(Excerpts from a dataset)
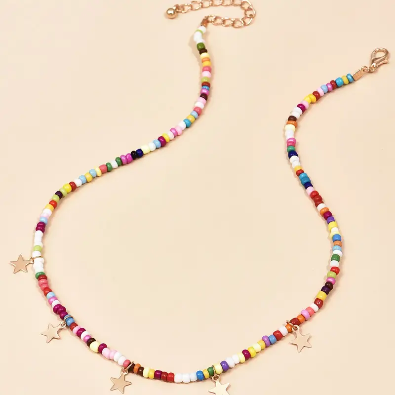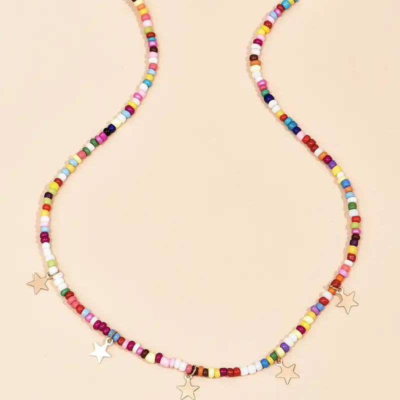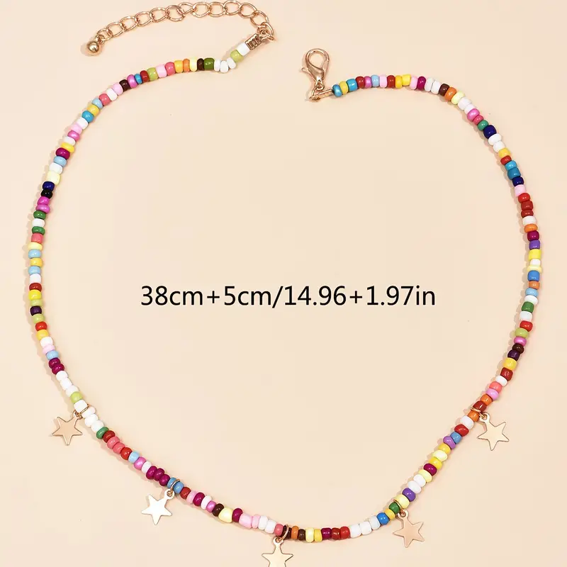 Carefully made with multicolor glass/plastic seed beads and a striking star pendant, reflecting the rising “boho-luxe” style—playful, expressive, and full of personality -
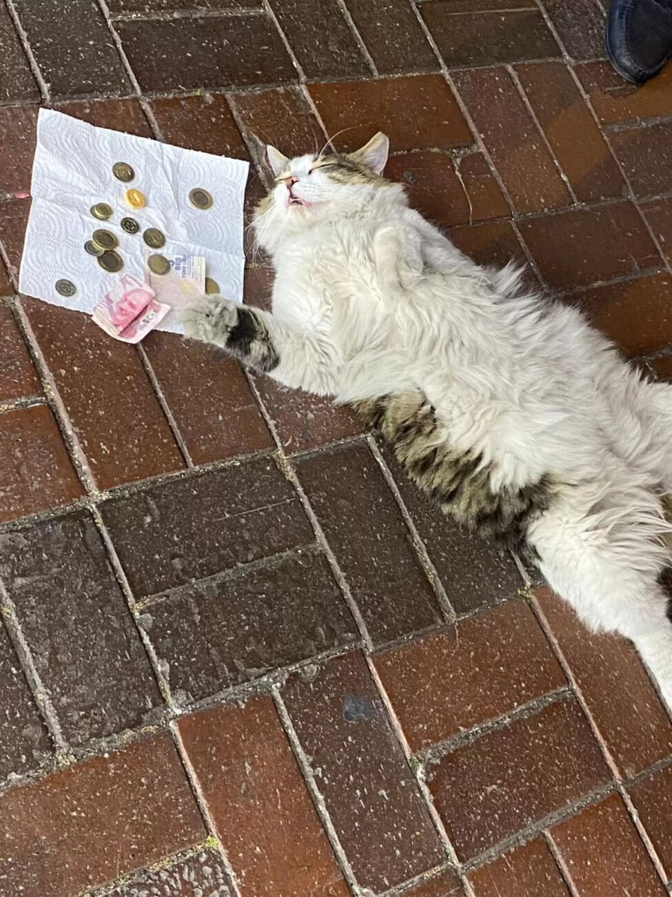 Ce jour-là, l’inattendu s’est produit. Tandis que Tarik faisait sa routine habituelle d’accueil, des passants, charmés par son allure détendue et son côté attachant, ont commencé à glisser de petites pièces de monnaie à ses pieds. « Je n’y croyais pas au début », confie Ender, encore étonné de la scène. « Les gens lui donnaient de l’argent juste parce qu’ils le trouvaient adorable. »
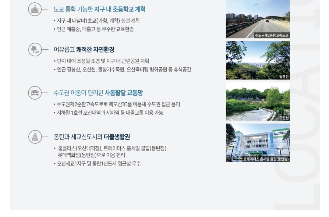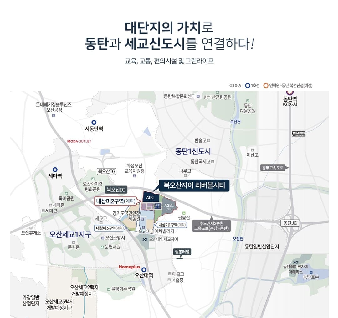 압도적 교통망: 북오산 IC와 인접하여 경부고속도로, 수도권 제2순환고속도로 진입이 매우 용이합니다.
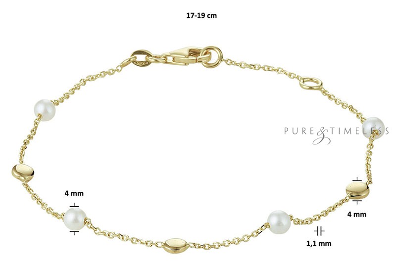 Gouden armband met parel 17 - 19 cm
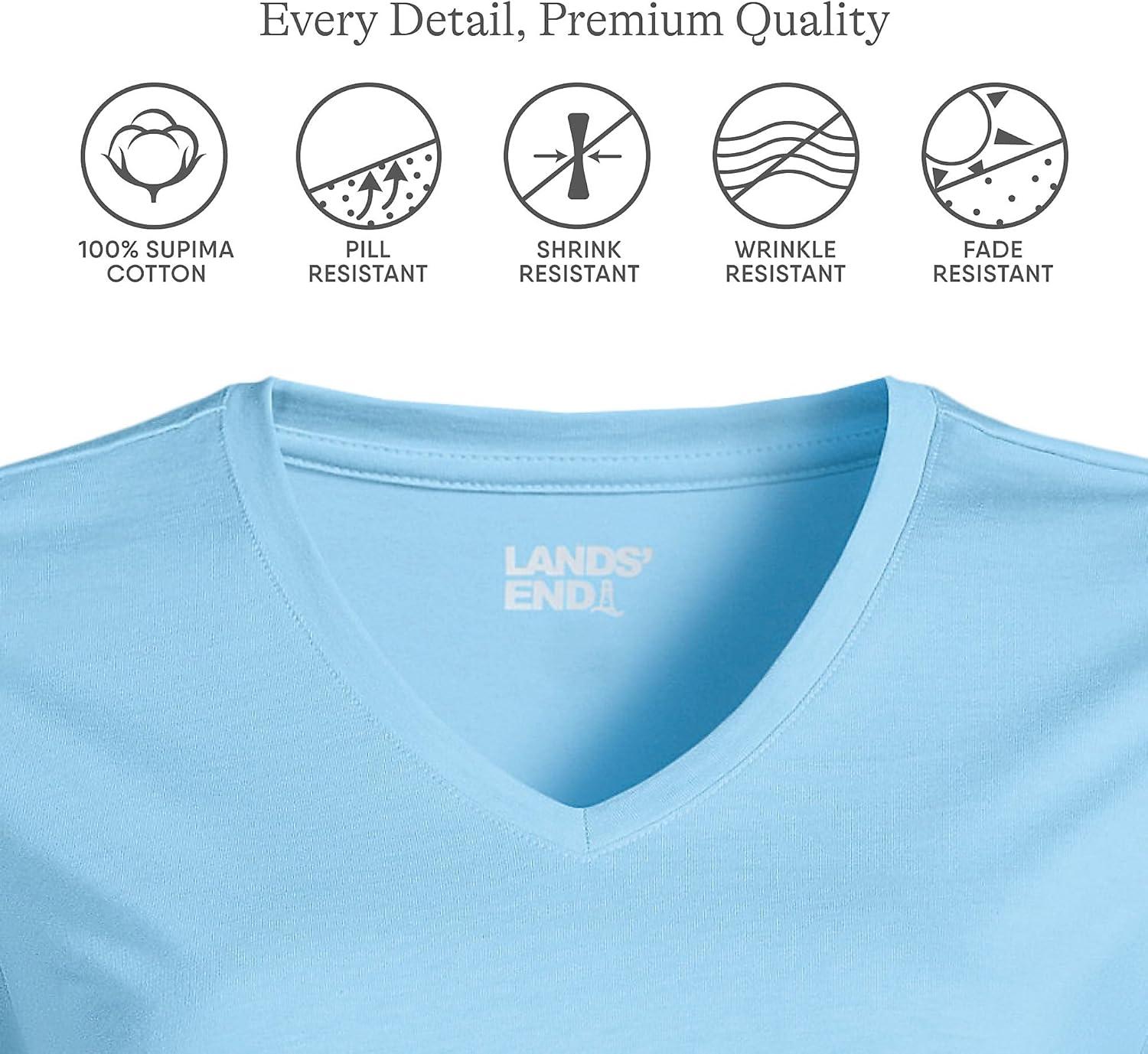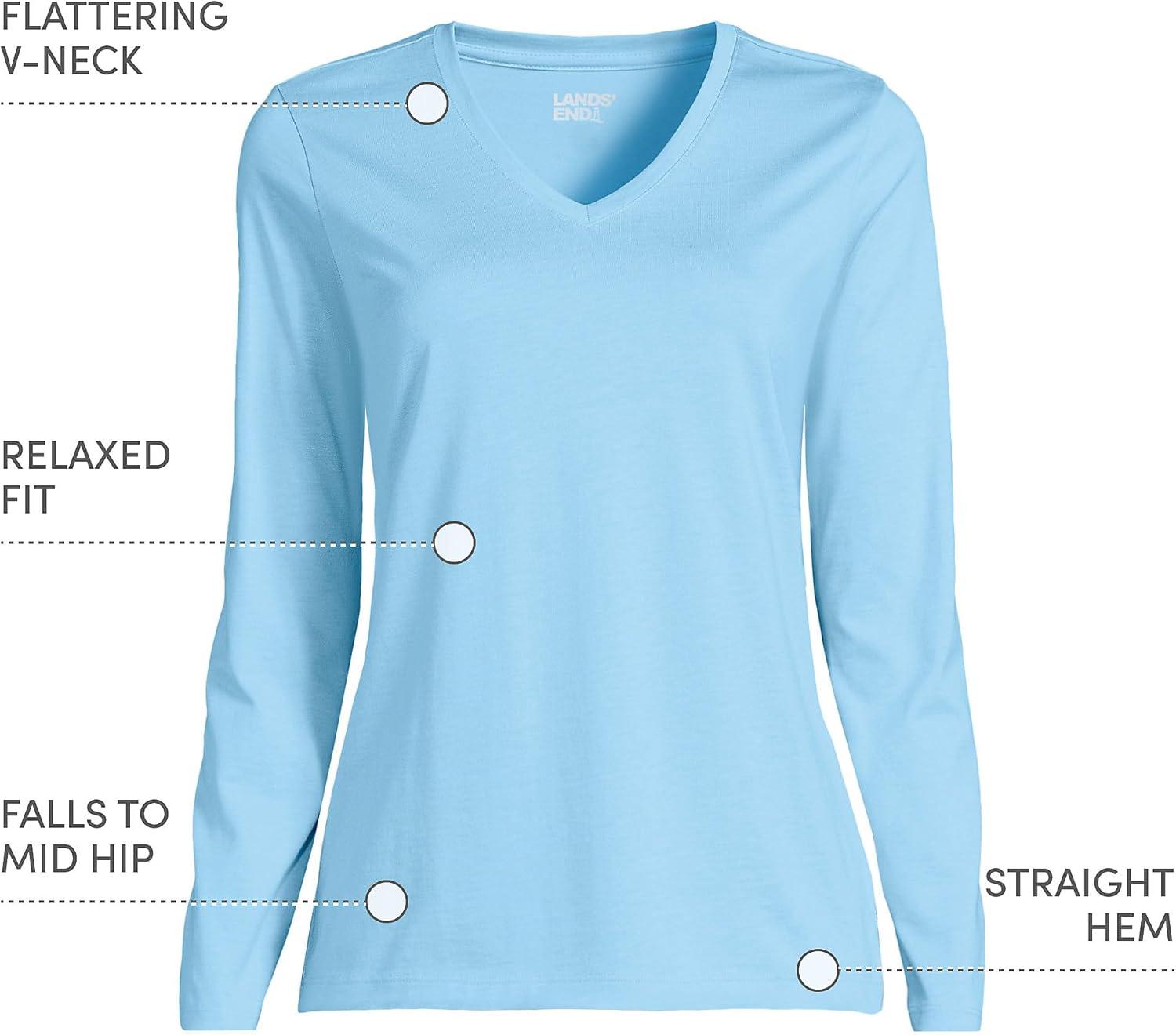 Lands’ End Women’s Relaxed American-Grown Supima Cotton Long Sleeve V-Neck T-Shirt(Bermuda Blue)
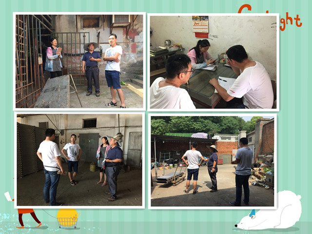 检查中,环保工作人员在企业负责人的陪同下巡视厂内一周,提出以下几点问题:一是现场环境“脏乱差”,需要加强管理,及时清洁;二是为了防止噪声污染,禁止现场进行电钻加工或者喷漆;三是严格固废处置,建立“防雨、防渗、防漏、防晒、防腐”的固废仓库、粘贴固废标识,同时与有资质的单位签订协议进行合理转移。
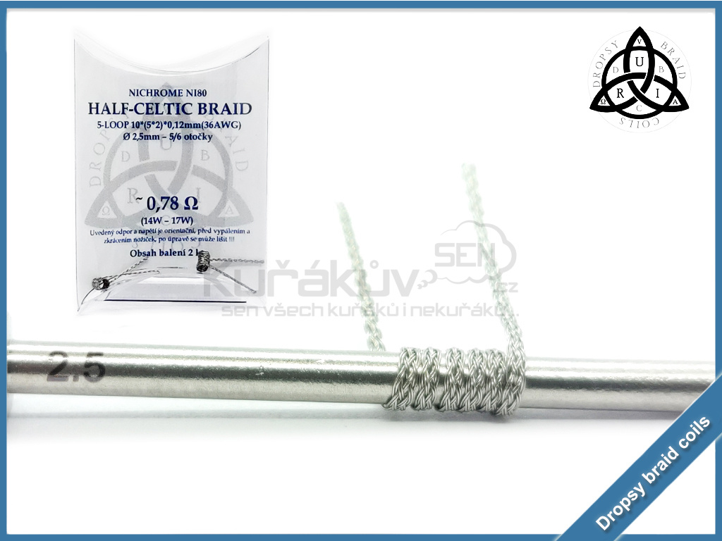 5-loop Half-Celtic braid 10*(5*2)*0,12mm(36AWG) - Ni80 - 0.78 ohm - 2 ks
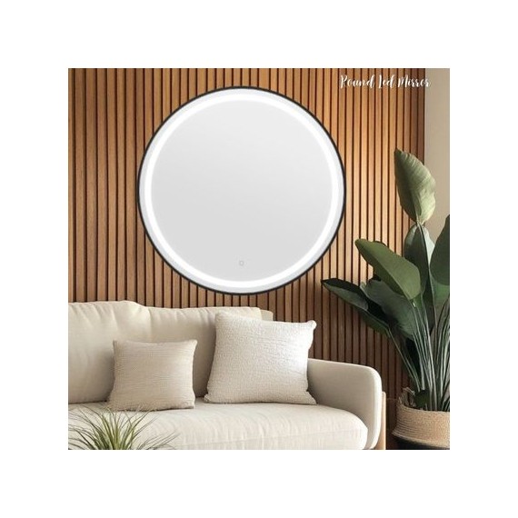 Round Led Mirror - Black with Aluminum Frame - 60 cm
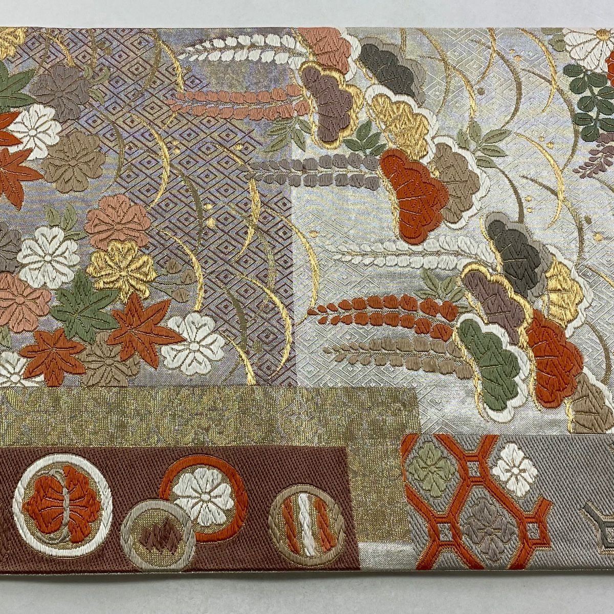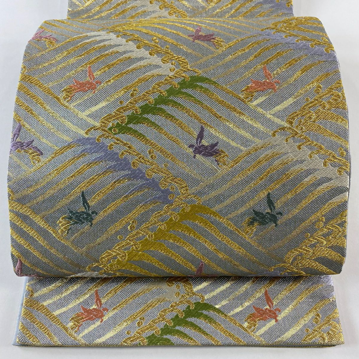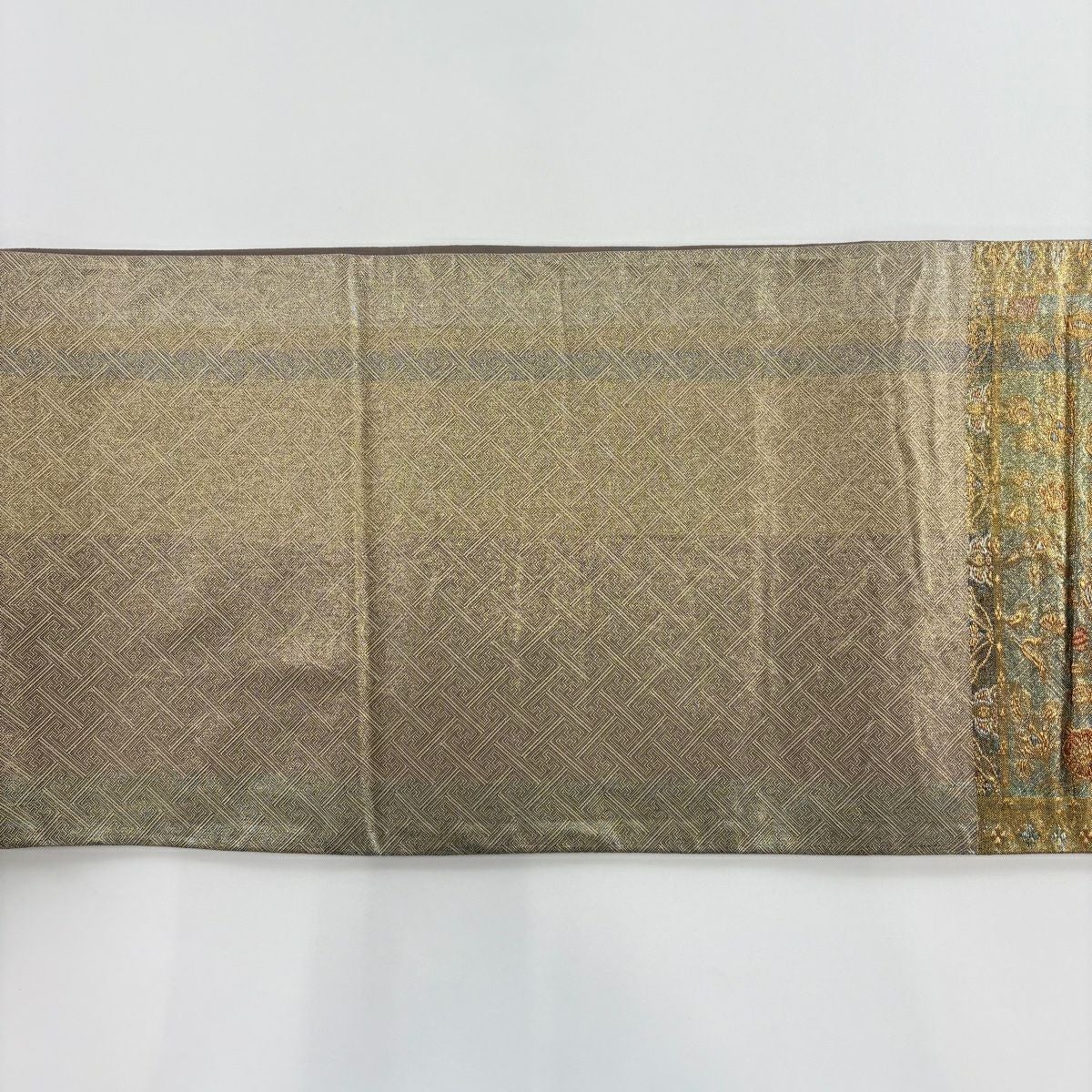 【在庫一掃】 袋帯 秀品 幾何学 金銀糸 灰色 お太鼓柄 正絹
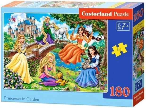 Farbenfrohes Kinderpuzzle mit dem Motiv Prinzessinnen im Garten bietet 180 Teile und ergibt zusammengesetzt ein Bild von 32 × 23 cm. Eine tolle Wahl zur Förderung von Fantasie, Konzentration und Geduld bei Kindern im Alter von etwa 6–8 Jahren.
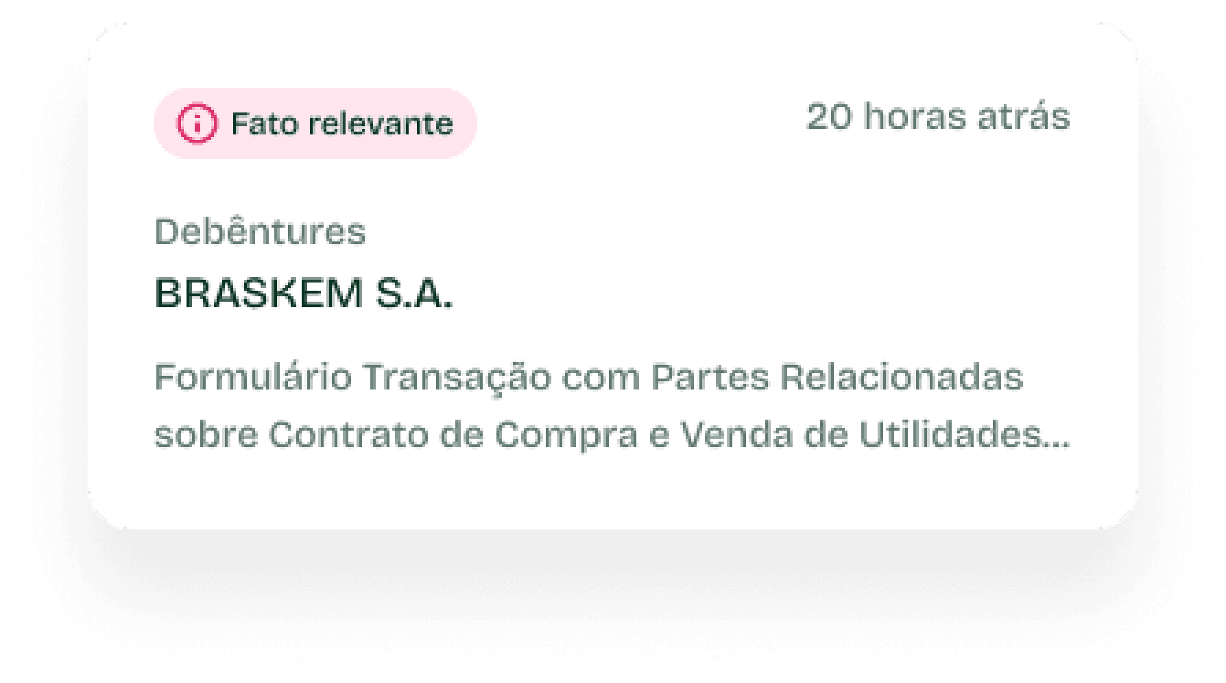 Carteiras salvas, alertas e comunicados automáticos por e-mail. O acompanhamento acontece no dia a dia, sem planilhas paralelas ou checagens manuais.

_What you need to do_
Exact copy, pictures excluded: every line above from the one containing "Round Led Mirror" to the one containing "金銀糸 灰色 お太鼓柄 正絹", inclusive, and nothing more.

_Task result_
 Round Led Mirror - Black with Aluminum Frame - 60 cm
 【在庫一掃】 袋帯 秀品 幾何学 金銀糸 灰色 お太鼓柄 正絹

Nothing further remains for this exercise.